_WHAT IS NEEDED_
Pictures in the entries below are to be left out; otherwise, reproduce exactly the lines from the first through the line containing "I did a 70km".

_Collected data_
+ + + + +

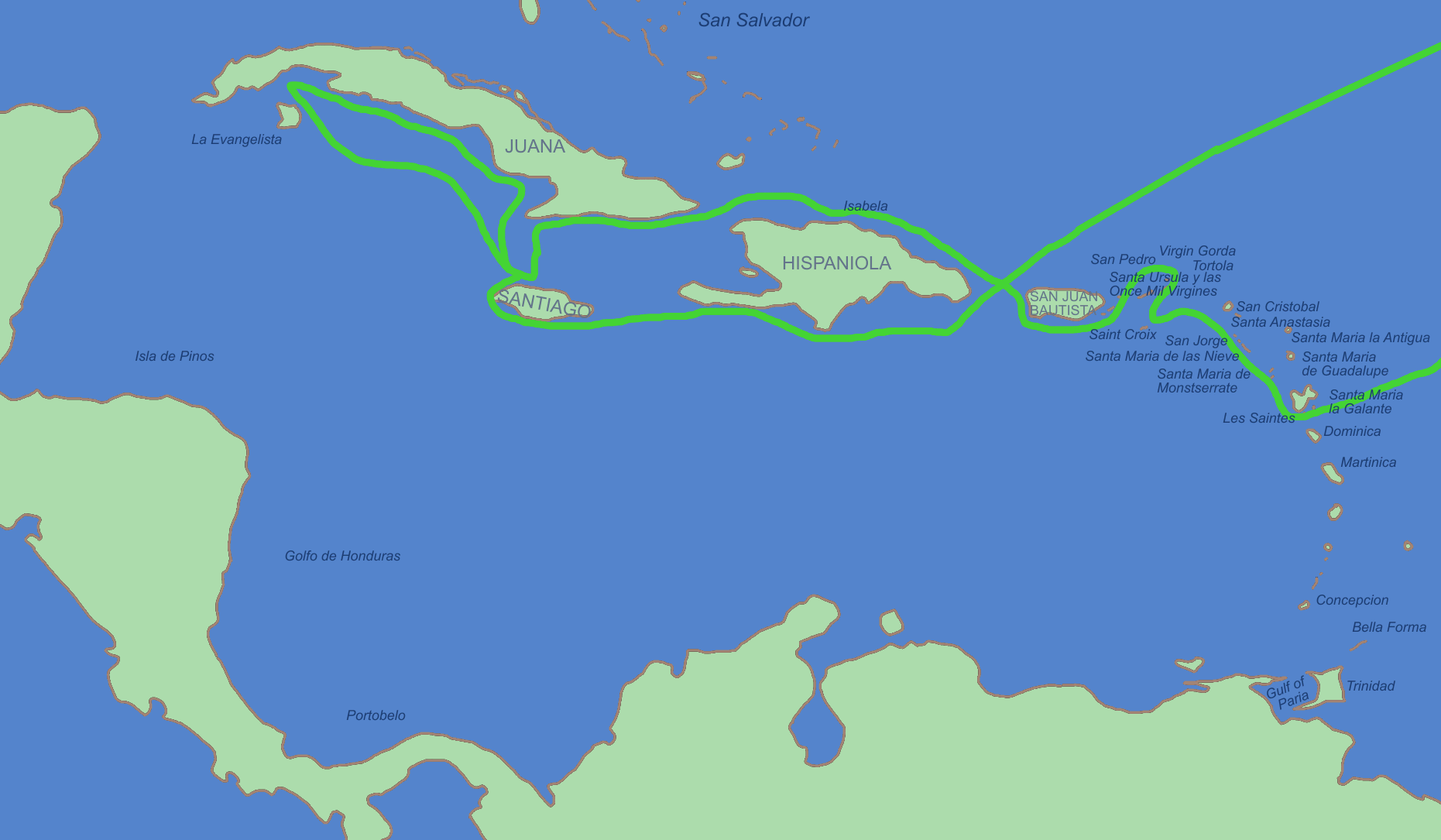 Second voyage of Columbus. Map uses the original Spanish names which Columbus would have known the locations as. The map should show arrows to represent which way they got in and which way they got out.
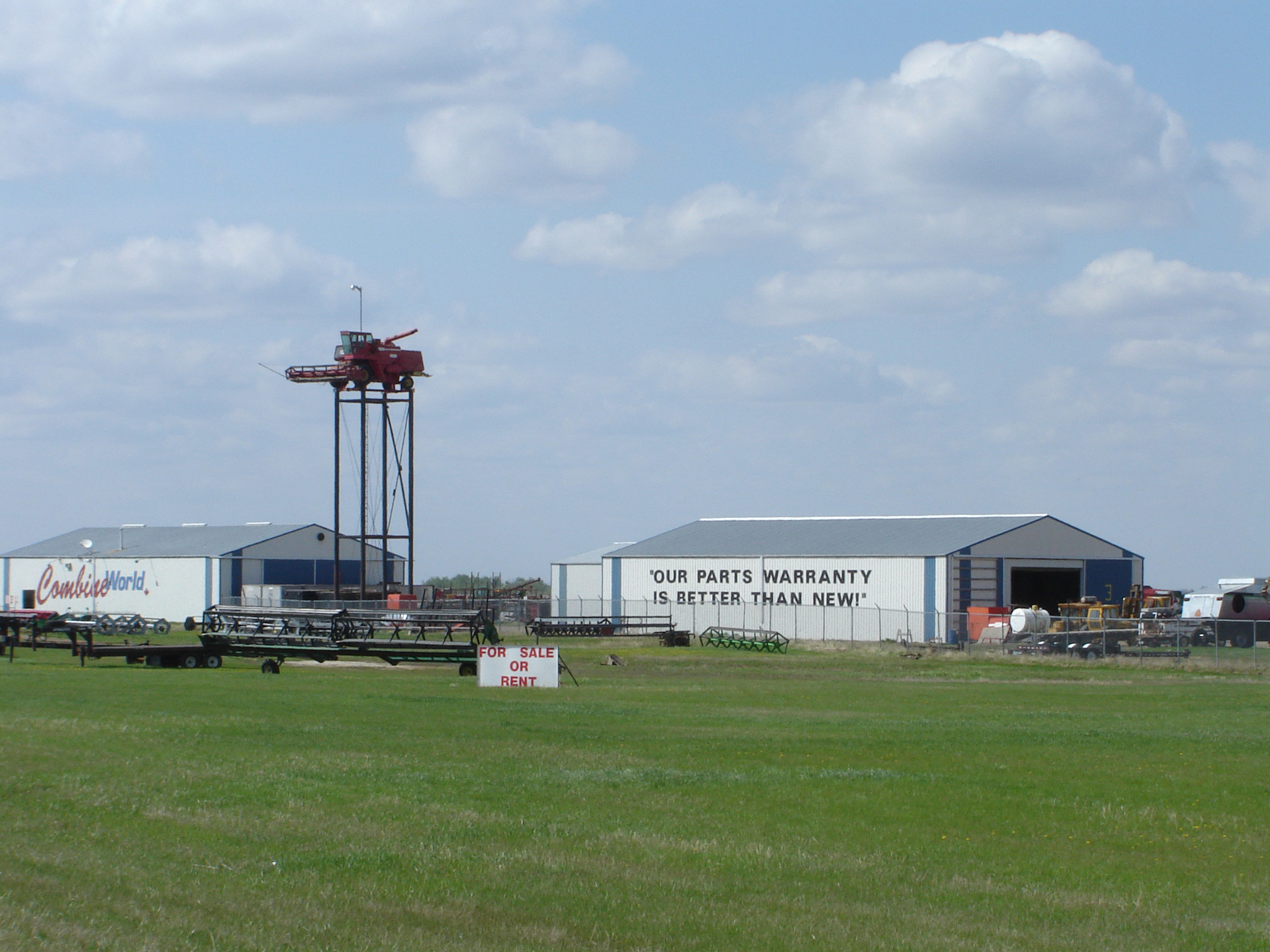 Large roadside attractions. Combine suspended on pole located at Clavet Saskatchewan Highway 16 or Yellowhead Highway
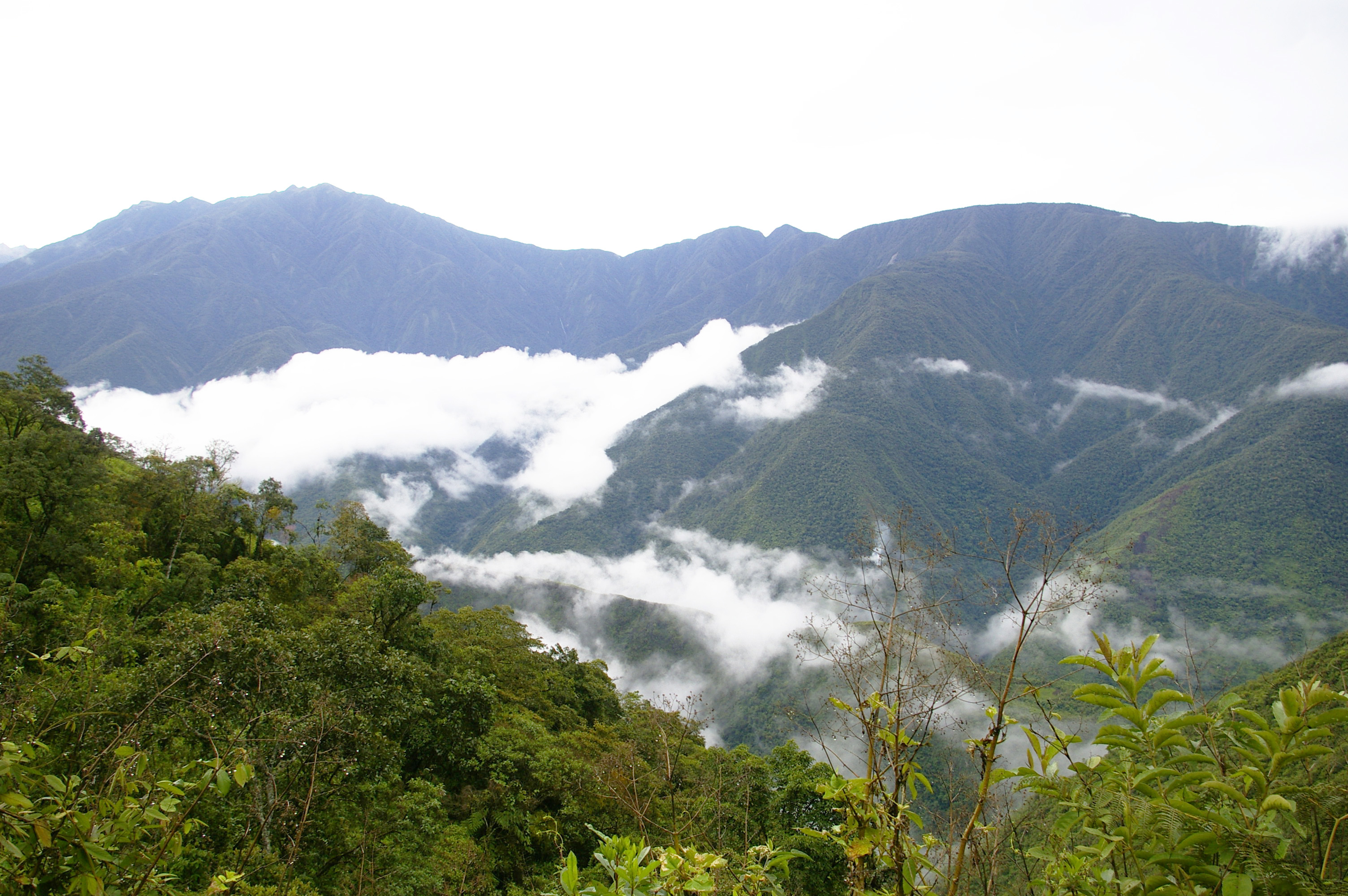 I did a 70km bike ride on what has been dubbed the worlds most dangerous road.
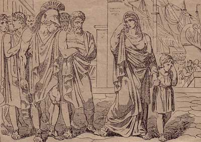 Cratisiclias', mother of Cleomenes III of Sparta, departure for Egypt. Work of Batolomeo Pinelli
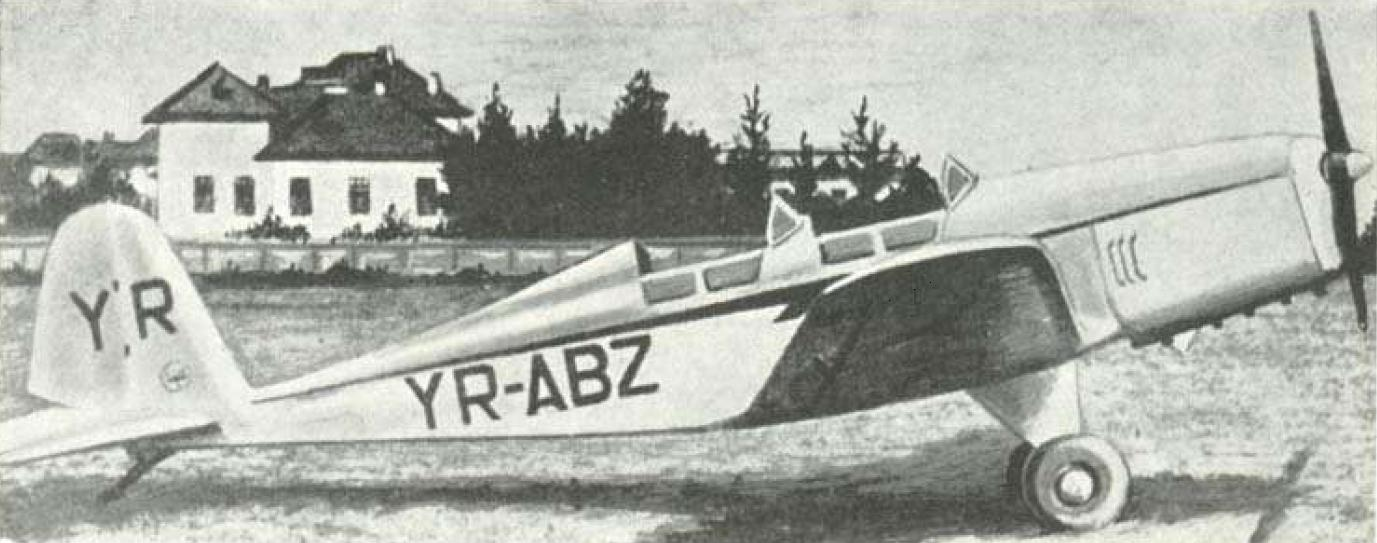 ICAR Universal w de Haviland Gipsy Major engine
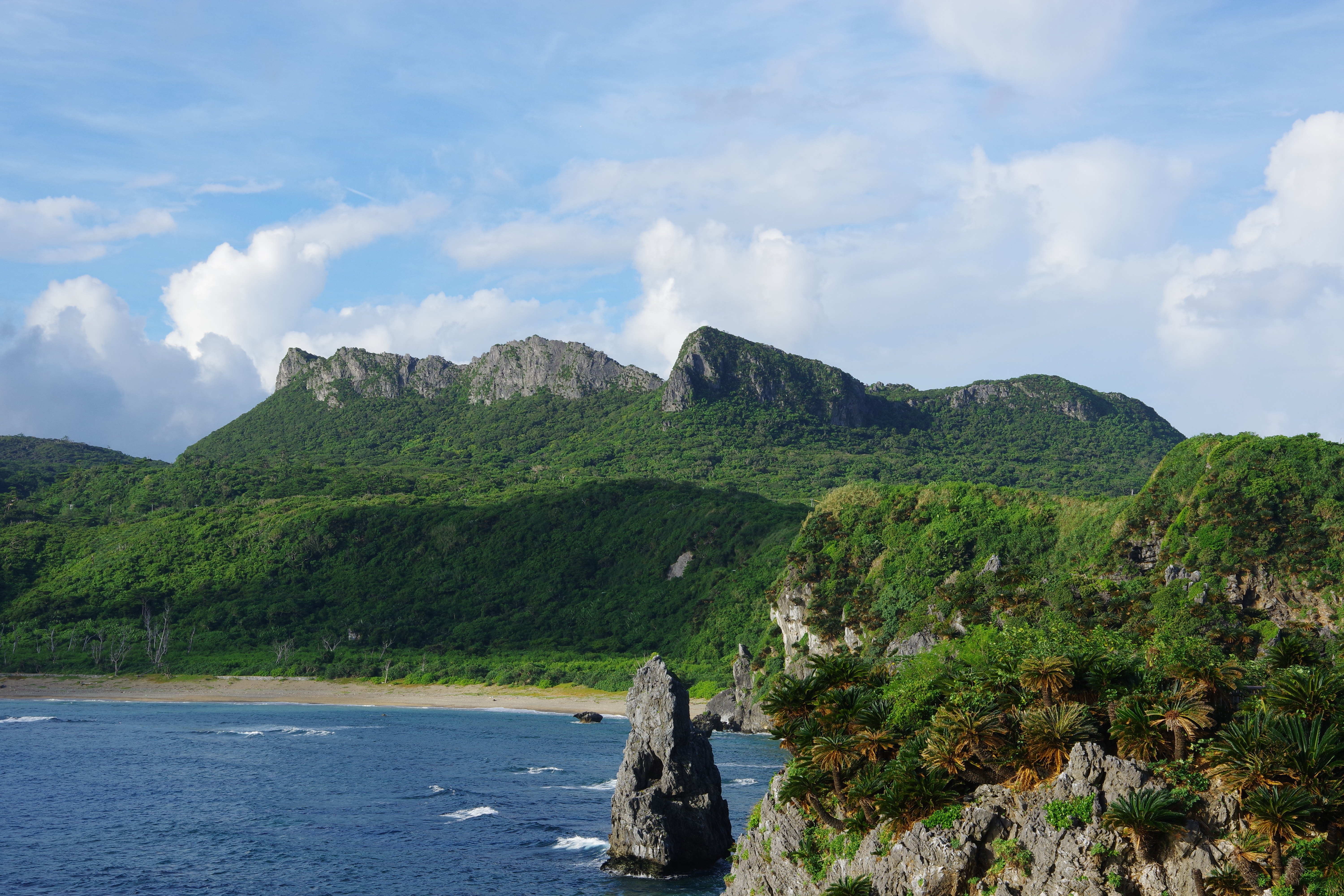 Mount Hedo (Hedo Utaki) seen from the Cape Hedo, Okinawa Prefecture, Japan
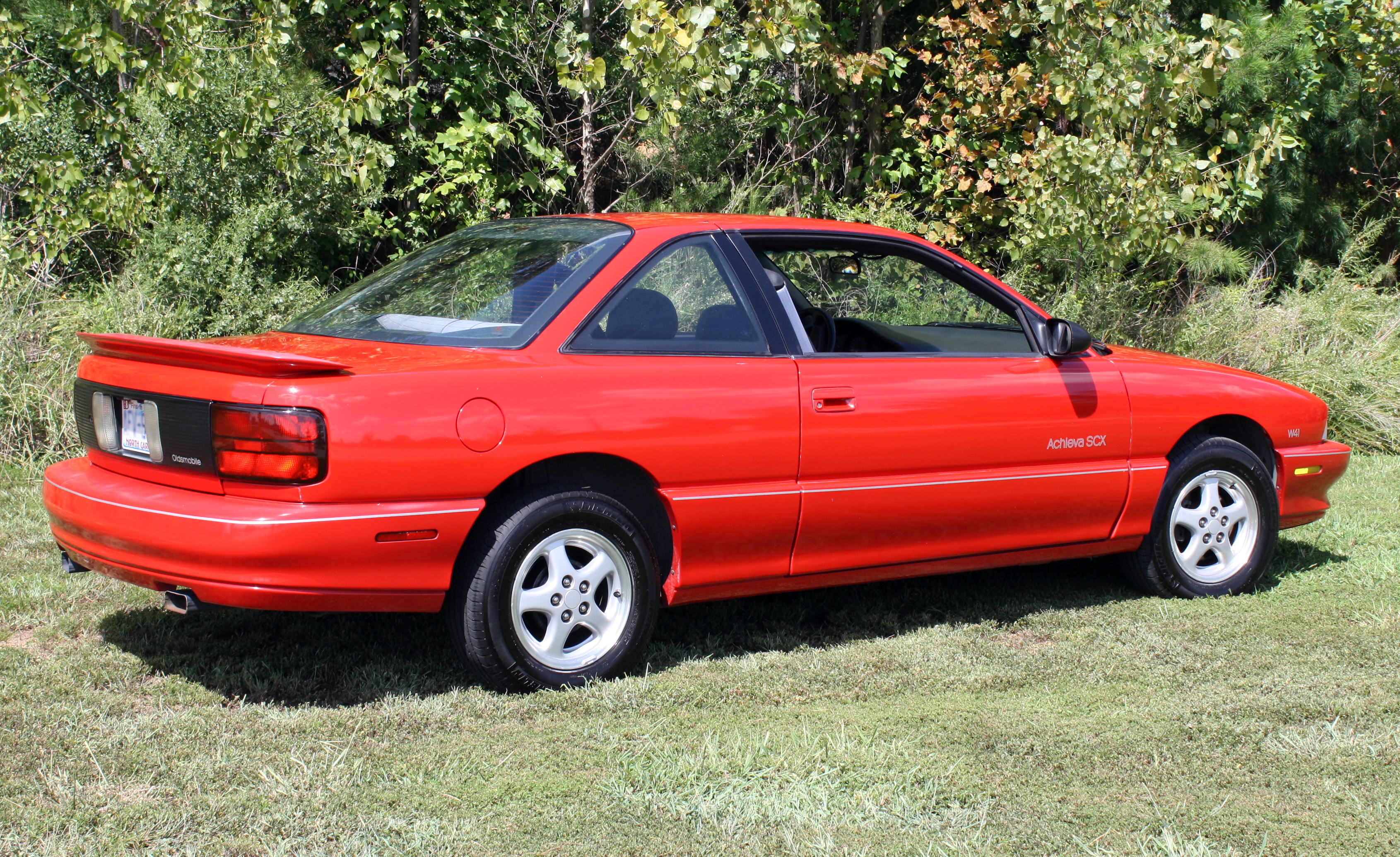 SCX with W41 engine in Matthews, NC, USA. 29k original miles when photographed.
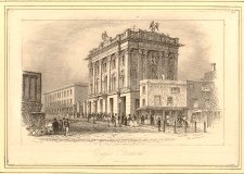 The Eagle Tavern, which was situated on the corner of City Road and Shepherdess Walk in London. It became a music hall in 1825 where Marie Lloyd made her debut performance in the 1880s. The building was later sold to the Salvation Army in 1883, before being demolished in 1901. The engraving dates from 1841 and the author is cited as being John Shury.
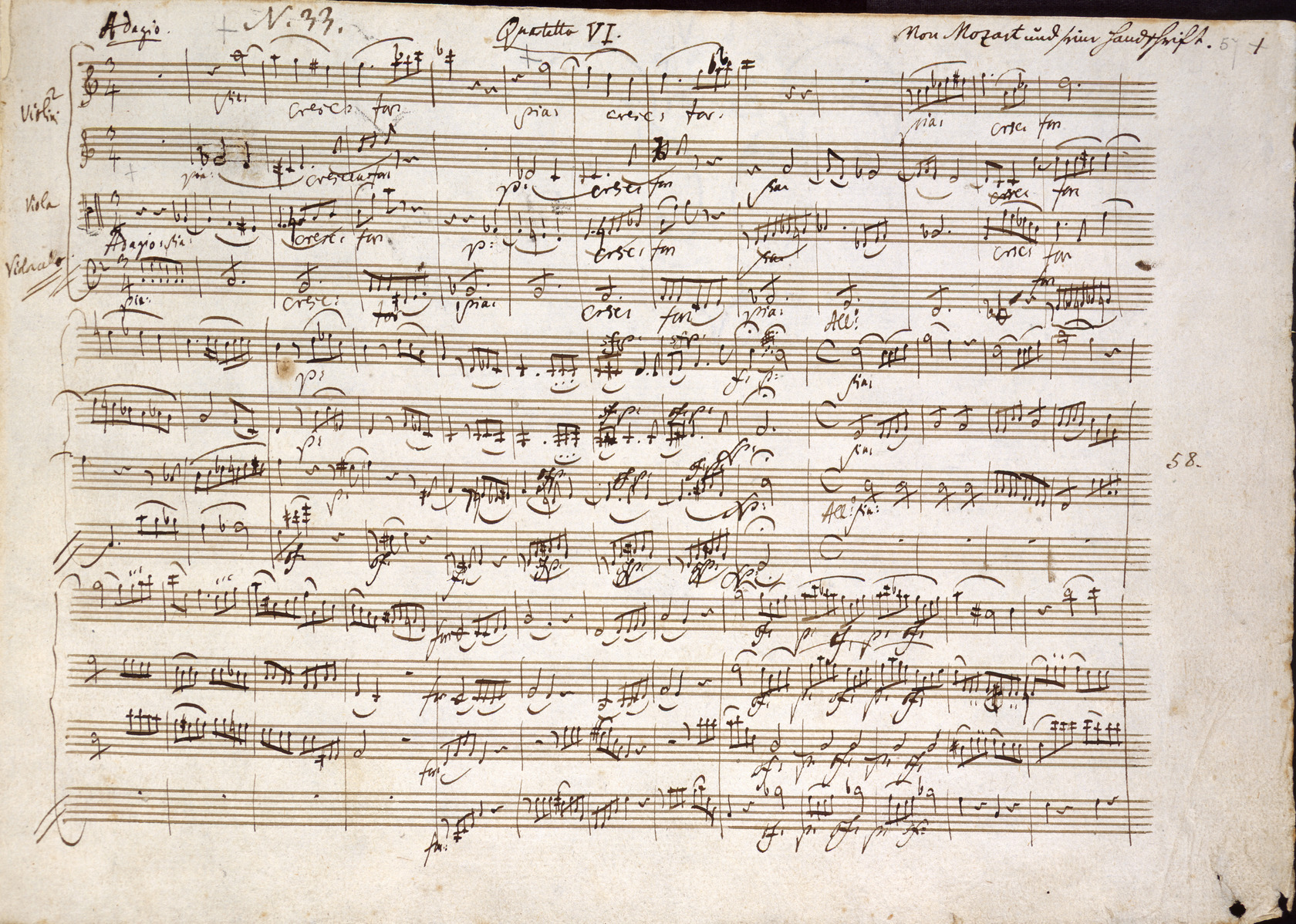 (Whole folio) Mozart MS (Whole folio) Beginning of Quartet in C [K.465]

+ + + + +

_SOLVED PROBLEM_
 Second voyage of Columbus. Map uses the original Spanish names which Columbus would have known the locations as. The map should show arrows to represent which way they got in and which way they got out.
 Large roadside attractions. Combine suspended on pole located at Clavet Saskatchewan Highway 16 or Yellowhead Highway
 I did a 70km bike ride on what has been dubbed the worlds most dangerous road.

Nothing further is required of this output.